Blueprints for the Common Good
Blueprints for the Common Good
Insights Article
Some years back, asked to teach a first-year seminar on service for my university, I titled the course, “Service for What?” Together, the students and I read Jane Addams, Martin Luther King Jr., Kurt Vonnegut, Andrew Carnegie and more. But, as I later learned, what the students took away from the course was not any particular book or idea about service. What they took away was the question mark in the course title. For some reason my students loved that question mark, and they were soon attaching it to every other course they had to take. Statistics for What? Christian Tradition for What? Human Anatomy … and Engineering … and History … for What?

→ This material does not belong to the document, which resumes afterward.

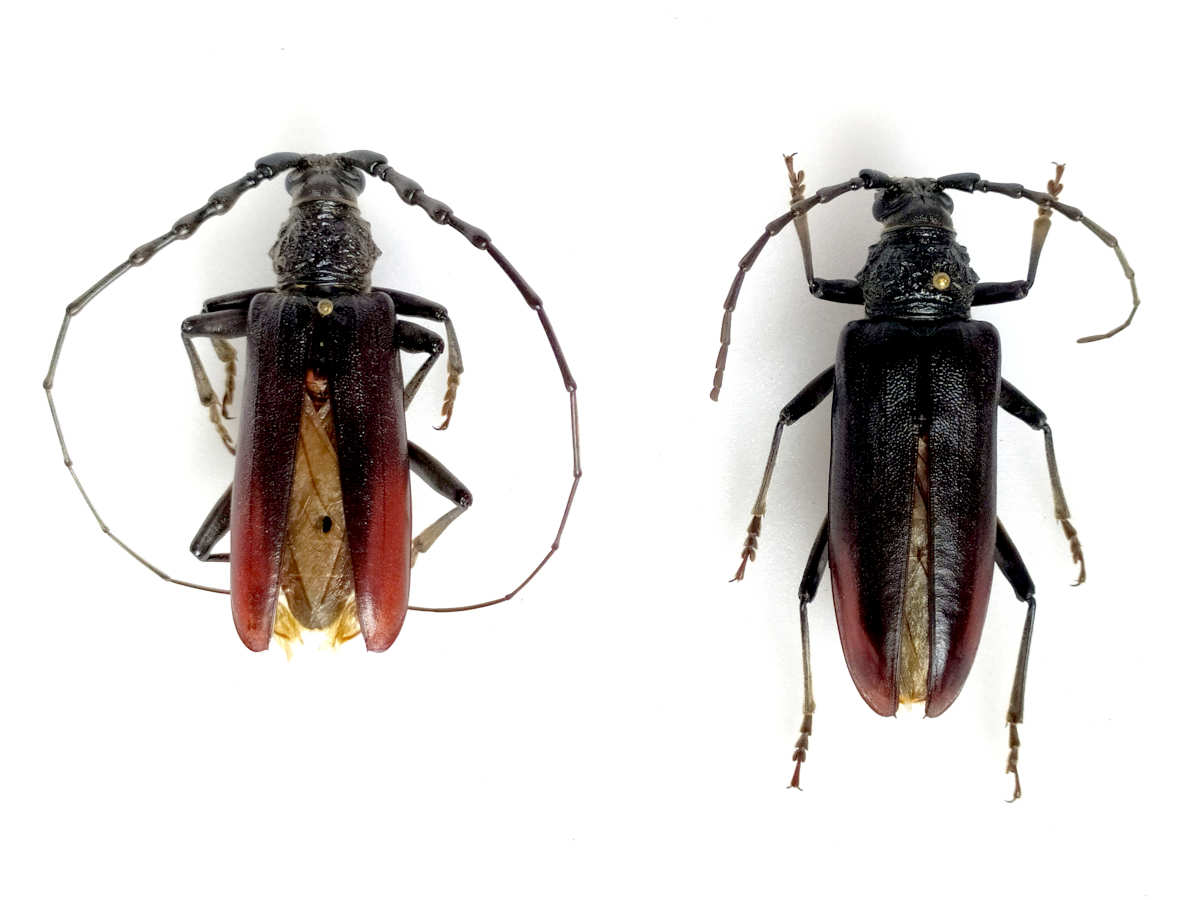 Es común que cuando se encuentra un adulto de Cerambyx de gran tamaño sea atribuido a C. cerdo. Cuenta además con numerosas citas en la literatura científica. De hecho, si buscas en la bibliografía parece como si C. cerdo predominara por encima de C. welensii. En este punto, me da la sensación que podría suceder lo contrario y que C. welensii fuera más común, por lo menos en la zona en la que vivo en el noreste de la península [2]. No es fácil encontrar Cerambyx, ya que completan su ciclo en bosques maduros con árboles del género Quercus. Es cierto que en esta parte de la península ha aumentado mucho la masa forestal desde hace medio siglo por el abandono de tierras de labranza. Pero también es cierto que son bosques jóvenes y poblados por conífera.

The moral of this story, I suppose, is that one person’s take-away may be another person’s question mark.
Two weeks ago, in the late light of a February afternoon, I had the privilege of facilitating Lake Institute’s first Distinguished Visitors Dialogue, a new series bringing together exemplary leaders from the fields of faith and philanthropy for conversation and reflection. For this inaugural dialogue, titled “Faith and Philanthropy: Blueprints for the Common Good?,” our delightfully distinguished visitors were Bishop Jennifer Baskerville Burrows, of the Episcopal Diocese of Indianapolis, and David Dodson, recently retired president of MDC, a nonprofit organization helping Southern leaders and communities advance economic mobility for people on the margins through education, employment, economic security, and strategic philanthropy.
Together, for more than an hour, we talked about what faith and philanthropy can do to help create a better world.
I hope you will listen to this recording of our conversation and form some take-aways for your own time and place. Here are a few take-aways of my own, from the many wise, hard and hopeful things that our two distinguished visitors discussed.
The Beloved Community
First, and profoundly, David Dodson and Bishop Jennifer Baskerville-Burrows gave us a vision of the good society. They noted that, at their best, both faith and philanthropy call us to seek a world in which all persons are loved, known and heard, a world in which all are treated with dignity and respect. Whether we name this ideal ‘the common good,’ or ‘the beloved community,’ it is a compelling and hopeful vision of a world in which, in Bishop Jennifer’s clarion words, “all can thrive, all are loved. Period. No conditions. No qualifiers. I care about your well-being as much as I care about my own.” This vision of the good, shared and sharpened by both speakers, was a striking and welcome antidote to so much current public tug-and-pull that, as David Dodson put it, treats the common good as “a zero-sum game.”
Second, across this nation, communities are reckoning in new ways with America’s long record of failure to recognize the humanity of all its people. We are coming to acknowledge, unevenly but increasingly, that the world—and often the wealth—we have inherited has been built on acts of racial inequity and economic injustice, acts that cannot be ignored when we decide how to live or how to give. In the words of David Dodson, this makes the present moment “at once a hard time and a wonderful time.” It is hard because we must first atone for that past, and in the process grieve lost understandings of ourselves—and wonderful, because we know that we can decide to live differently with one another. To borrow from the inaugural poem of Amanda Gorman, “Being American is more than a pride we inherit/ It’s how we step into the past and repair it.”
Hard and Wonderful Moment
In this “hard and wonderful” moment, our speakers noted communities have the opportunity to step into their past and repair it—and religious and philanthropic leaders are essential helpers for this ‘holy work.’ Both David Dodson and Bishop Jennifer lifted up the leadership of specific community foundations, from Indianapolis to Charlottesville and beyond, in setting the table and starting needed conversation about racial inequity and restorative justice. And both speakers spoke at length about the spiritual gifts that faith traditions can bring to that community table: love and forgiveness in the face of fear, shared narratives in place of disparate stories, a language of hope, and trust in abundance in contrast to mindsets of scarcity and competition.
Toward a Common Purpose
We ultimately agreed that in this time faith and philanthropy should be working on this together. It is probably important to ask, then, what is keeping us apart? Bishop Jennifer and David Dodson reflected on this crucial question in turn, noting the anxieties about sectarianism that make philanthropic leaders sometimes “skittish” about working with faith leaders. As David put it, philanthropic leaders today have a “huge opportunity to recognize the non-sectarian work of faith institutions [as] holy work.” This is a moment to move toward one another with “open hands,” agreed the Bishop, and recognize we are working toward a common purpose.
Surely such dialogues are a place to start.
These were just a few of my take-ways from the conversation with Bishop Jennifer and David Dodson. I hope you will listen here. What are your take-aways? Where would you put your question mark?